Dolaşım yüklenmesi: Hızlı ya da fazla miktarda sıvı verildiği durumlarda gelişir. Taşikardi, hipertansiyon, boyun venlerinde dolgunluk görülür. Bu durumda IV solüsyon hızı yavaşlatılır. Yaşam bulguları ölçülerek hekime haber verilir.
Hematom: İğnenin ven duvarına zarar vermesi ile oluşur. Kanın damar dışına sızmasıdır. Geniş hematomlarda ani şuur kaybı ve şok görülebilir. Hematom gelişirse IV kateter giriş yerinde doku renginde değişim olur. Bu durumda IV tedavi durdurulur. IV kanül çıkarılır. Yaklaşık 5 dakika basınç uygulanır.
Flebit: Verilen ilaç ve katkı maddelerinin kimyasal irritasyonu sonucu venlerin inflamasyonudur. Ven boyunca ağrı, kızarıklık, yanma, sıcaklık, sertlik ve şişme belirtileri ile karakterizedir. IV sıvı akış hızı azalmış ya da durmuştur. Bu durumda IV tedavi durdurulur, kanül çıkarılır, bölgeye lokal soğuk kompres uygulanır, sonra ılık kompres uygulanır.
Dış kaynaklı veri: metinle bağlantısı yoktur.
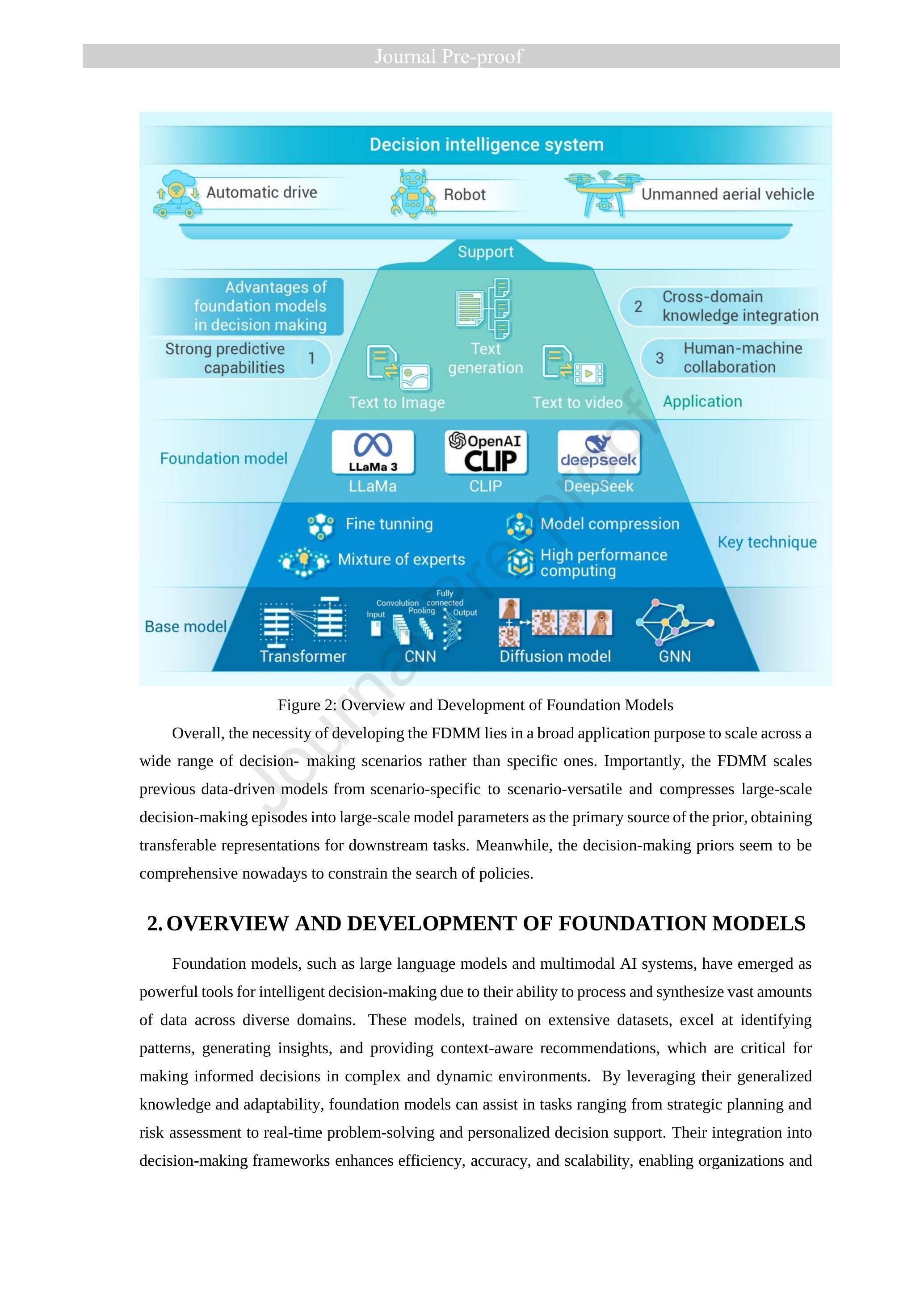 基础模型(Foundation Models),如大型语言模型和多模态人工智能系统,因其能够处理并整合跨多领域的大量数据,已成为智能决策的强大工具。这些模型通过大规模数据集训练,擅长识别模式、生成洞见并提供情境感知的推荐,这对于在复杂动态环境中做出明智决策至关重要。凭借其广泛的知识和适应能力,基础模型可辅助从战略规划、风险评估到实时问题解决及个性化决策支持的多样任务。它们在决策框架中的整合提升了效率、准确性和可扩展性,使组织和个人能够应对以往难以解决的挑战。为更好地介绍基于基础模型的决策智能,本节将介绍基础模型的发展,具体包括基础模型的基础知识、大型语言模型(LLMs)及多模态基础模型的发展,最后介绍基础模型的优化。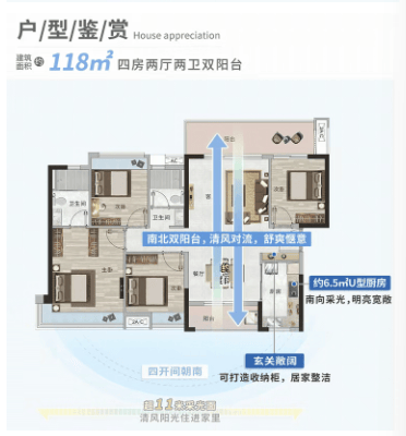 户型设计多采用南北通透及宽阔楼距,主卧及客厅配备270°转角飘窗,大阳台延伸视野,增强自然采光和空气流通。社区整体布局兼顾人居舒适度与景观品质,提供宁静、优雅的生活体验。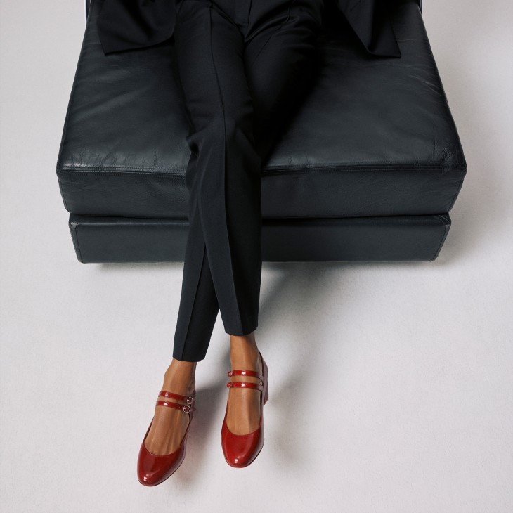 The Miss Jane pump is distinguished by its bevelled, wide 55 mm heel. Entirely crafted from Vog Loubi red patent leather, it features a rounded toe and Maison Christian Louboutin’s signature audacious vamp. Two slender straps with a metallic clasp delicately adorn the foot. The “Vog patent leather” material, being more flexible, offers better suppleness. Its wrinkled effect may have slight variations between the photo and the product.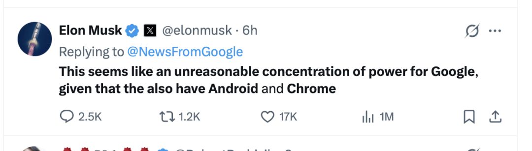 “考虑到谷歌已经控制了Android和Chrome,这样的合作将导致不合理的权力集中。”马斯克在X上写道。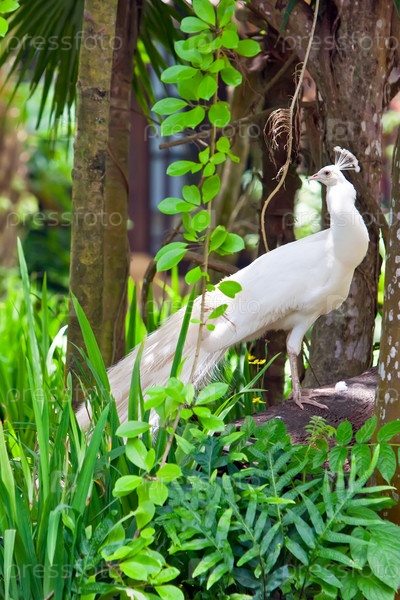 Белый павлин среди зеленой листвы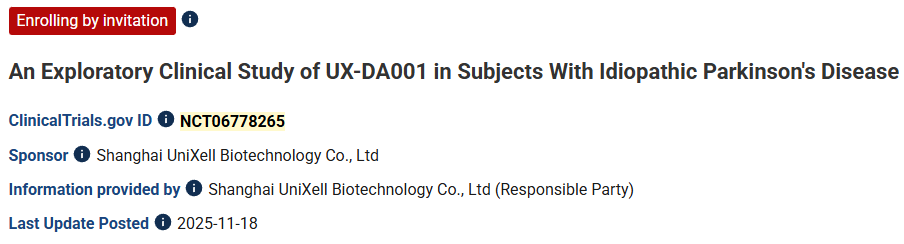 在2025年10月5日至9日于美國夏威夷檀香山舉行的國際帕金森病和運動障礙大會(MDS 2025)的“最新突破”報告環節,該項I期試驗首例患者接受UX-DA001后6個月的積極數據正式公布。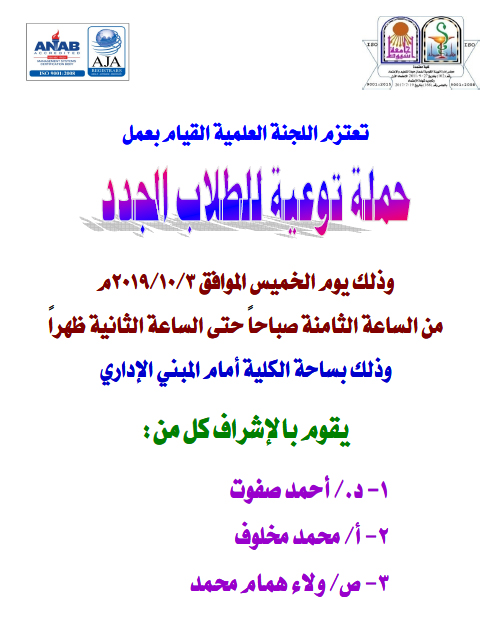 اللجنة العلمية بكلية الصيدلة تقوم بعمل حملة توعية للطلاب الجدد يوم الخميس الموافق 3-10-2019م من الساعة الثامنة صباحاً. 2 أكتوبر 2019 اللجنة العلمية بكلية الصيدلة تقوم بعمل حملة توعية للطلاب الجدد يوم الخميس الموافق 3-10-2019م من الساعة الثامنة صباحاً.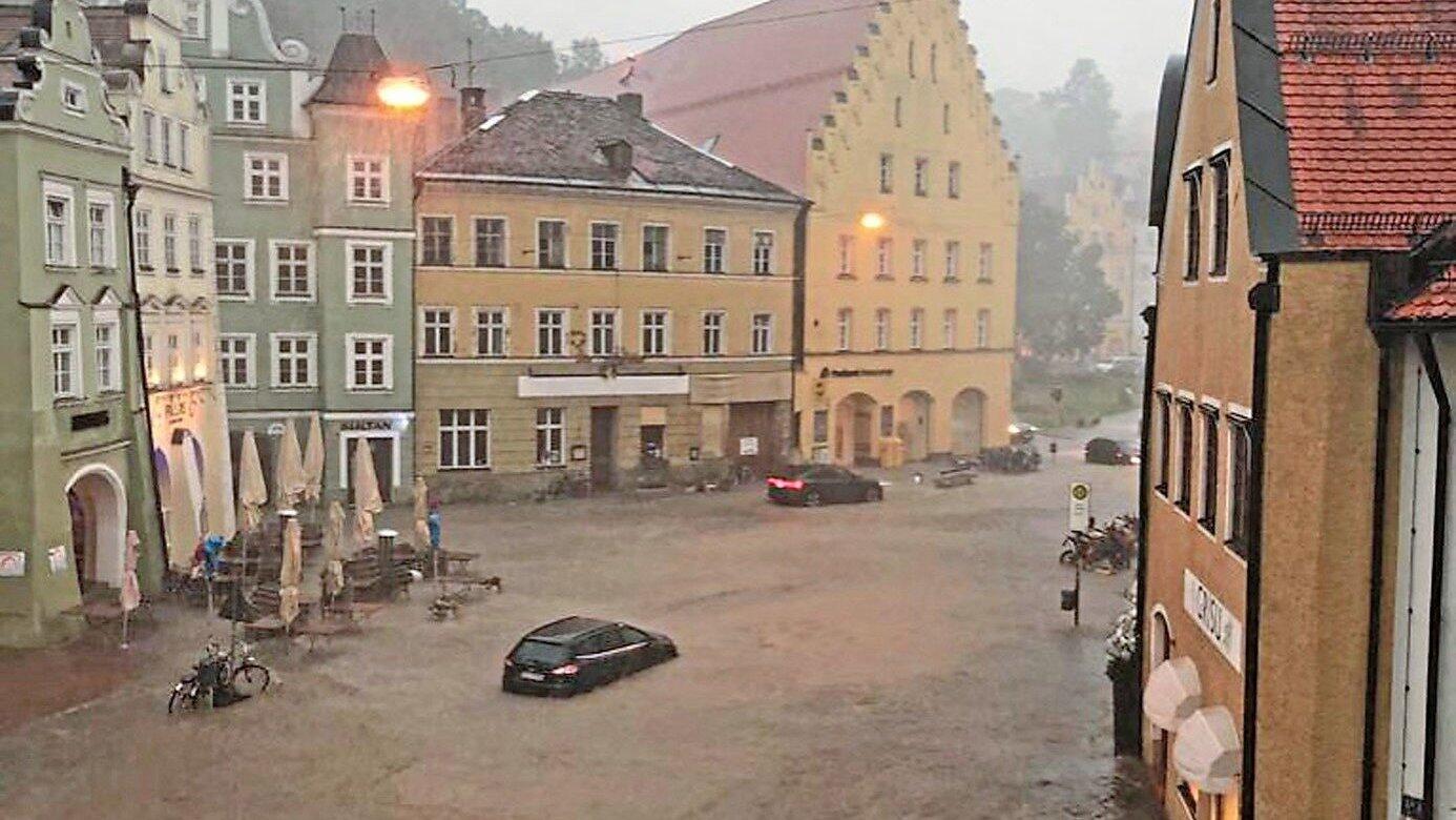 In Landshut war der Regen so stark, dass innerhalb von wenigen Minuten die Altstadt überflutet wurde. Fahrzeuge hatten sichtlich Mühe, sich durch die Fluten zu kämpfen.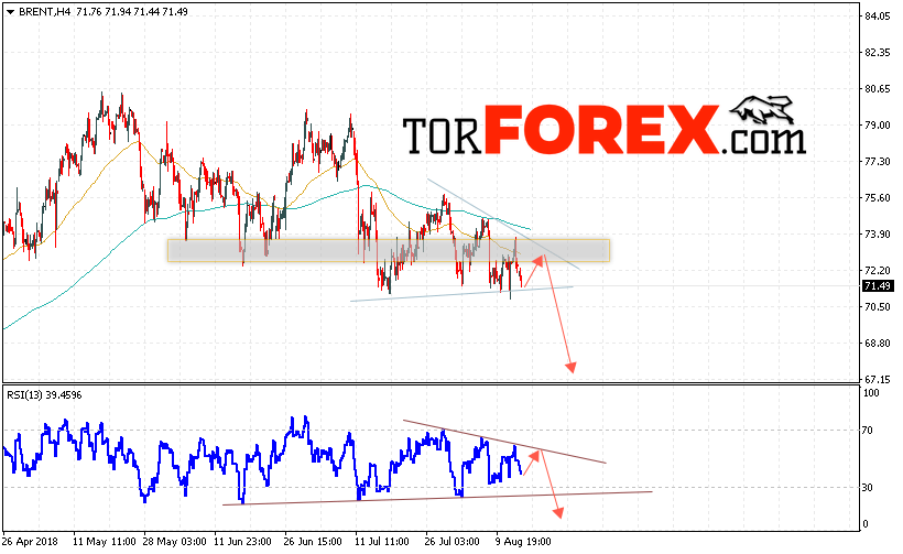 Таким образом, Аналитика и прогноз цен на нефть на 16 августа 2018 предполагает попытку теста уровня сопротивления вблизи области 72.50 и продолжения падения с целью ниже уровня 67.20, отменой варианта снижения цены нефти BRENT станет сильный рост и пробой уровня 75.50, что укажет на продолжение роста котировок в область выше уровня 78.50.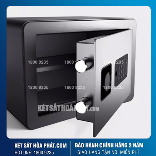 Kết cấu chắc chắn: két được cấu tạo từ thép đúc thân dày 2mm, cánh cửa 3mm, bản lề chìm chữ U, 2 chốt khóa tròn đúc đặc ăn sâu vào lòng két.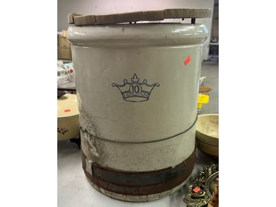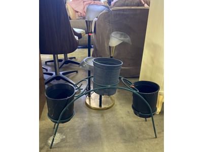 6188 Stool 14"x16", bucket with contents, planter 9"x18"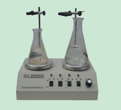 一、 HJ-2双联磁力加热搅拌器(又称二头磁力加热搅拌器、二工位磁力加热搅拌器),是在本所研制生产磁力加热搅拌器的基础上改进而成,是两台磁力加热搅拌器的合并,便于同时加热搅拌两种液体,可单独加热、单独使用,也可双联加热,双联使用。无级调速,操作简便,能在较广的速度范围内对液体溶液进行精密稳定的搅拌,特别适合搅拌小体积的样品,是石油、化工、医药卫生、环保、生化实验室、分析室、教育科研的必备工具。 二、 技术参数: 1、 调速范围:起动——2600转/分 2、 工作面直径:125mm×2 3、 加热功率:200W×2 4、 最大搅拌容量:500ml×2 5、外形尺寸:280×280×120mm 三、 使用方法: 1、请首先检查随机配件是否齐全,将装有溶液和搅拌子的试瓶(或其它器皿)放在工作面托盘上,当需要使用夹具时,应调整、校准夹具在立柱上的高度位置,并正确装夹。 2.接通外电源。 3.将相应的加热开关合上,对应指示灯亮,即为加热状态。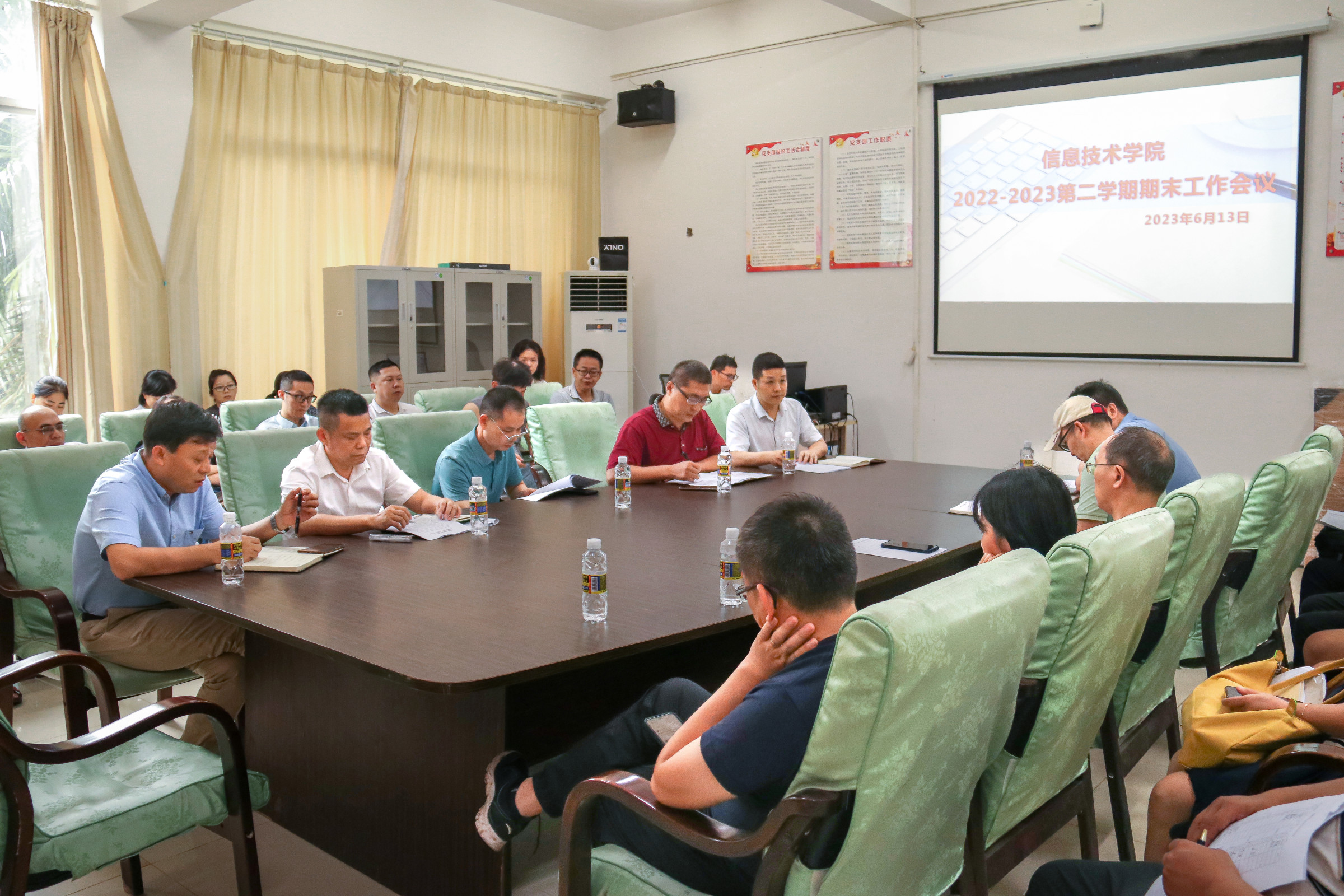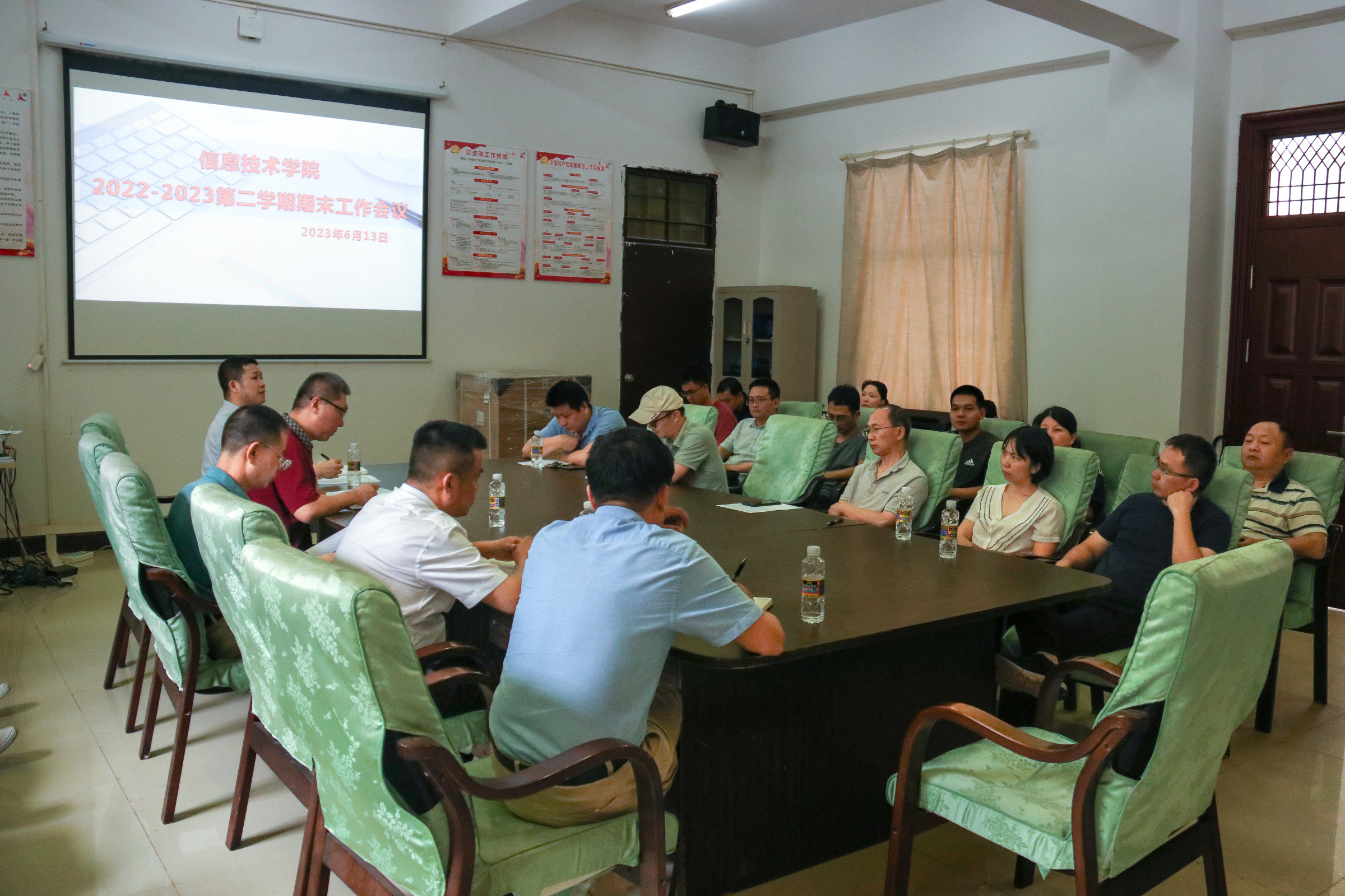 6月13日下午14:30,太阳网集团tcy8722在4-213会议室召开2023年春季学期期末工作会议。太阳网集团tcy8722党总支书记符胜、院长王忠、副院长单继周、副院长康东、副书记黄守官及全体教师参加会议,会议由康东主持。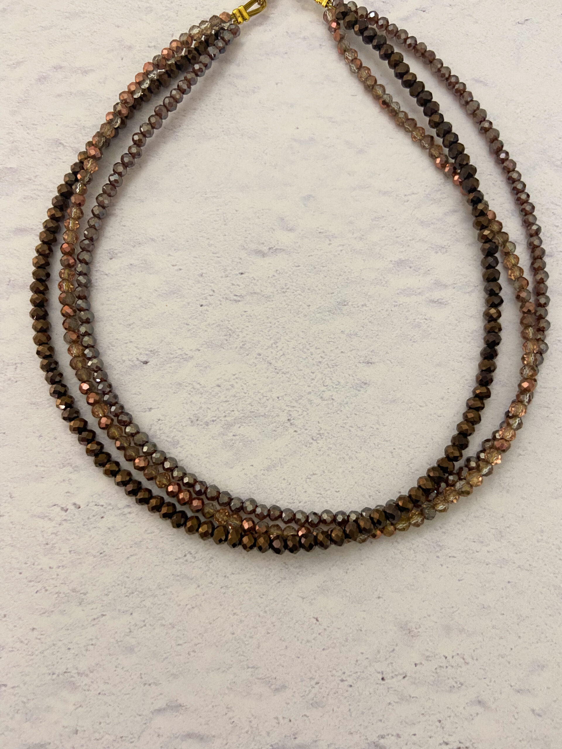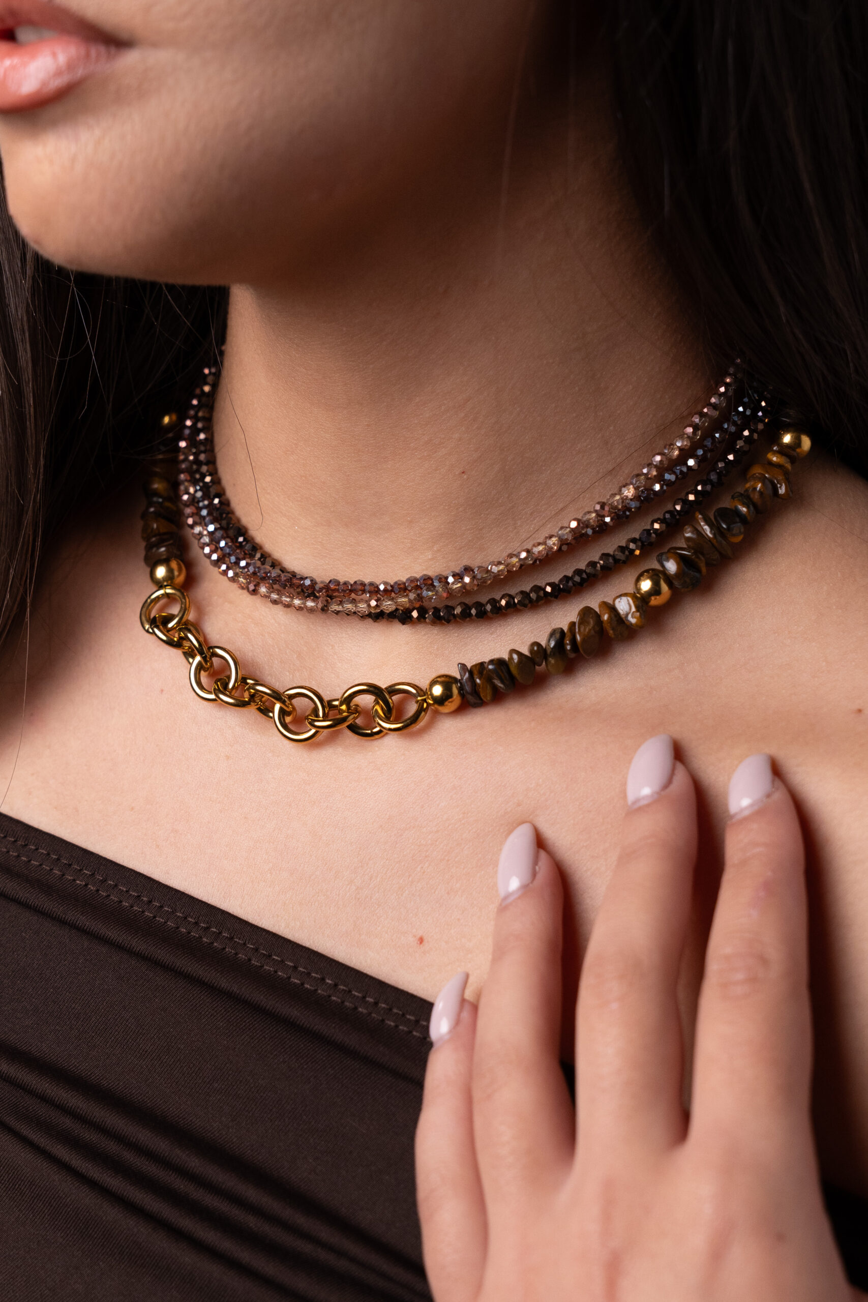 Ένα κομψό τριπλό κολιέ σε ζεστή καφέ απόχρωση με τρία λαμπερά κρυσταλλάκια διαφορετικών χρωμάτων. Ιδανικό για layering σε καθημερινό η βραδινό looks

Pirojenik reaksiyon: Semptomlar genellikle IV infüzyon başladıktan sonra 30 dakika içinde görülür. IV sıvı ya da serum seti içinde ve iğne üzerinde pirojenlerin (genellikle fungus) varlığında ortaya çıkar. Ateşin ani yükselmesi, titreme, sırt ağrısı, baş ağrısı, bulantı, kusma, halsizlik gibi reaksiyonlar meydana gelebilir. Bu durumda IV tedavi durdurulur. Antialerjik ilaçlar uygulanır. IV sıvı ve seti değiştirilir.
İnfeksiyon: Patojen mikroorganizmaların meydana getirdiği lokal ya da sistemik enfeksiyonlardır. Bölgede kızarıklık, ağrı, ödem ve eritem gelişir. Bu durumda IV tedavi durdurulur. Akıntı varsa kültür alınır. Batikonla pansuman yapılır. Bölge gözlenir. Hasta sistemik enfeksiyon bulguları açısından takip edilir.
Hava embolisi: Havanın dolaşıma katılarak damarı tıkamasıdır. Hastada ani şuur kaybı, şok, aniden başlayan göğüs ağrısı, dispne, taşikardi, solgunluk, siyanoz, öksürük, hipotansiyon, senkop, şok gelişebilir, emboli tablosu ölümle sonuçlanabilir. Bu durumda hekime haber verilir, damar yolu açık tutulur, oksijen verilir, hastanın yanında kalınır ve acilen hekimin istem ettiği ilaçlar uygulanır.
Pulmoner ödem: Dolaşıma aşırı sıvı yüklenmesi sonucu solunum derinliğinin azalması, sayısının artması, nabızda artma, tansiyonda yükselme, öksürük ve siyanoz ile karakterize bir tablodur.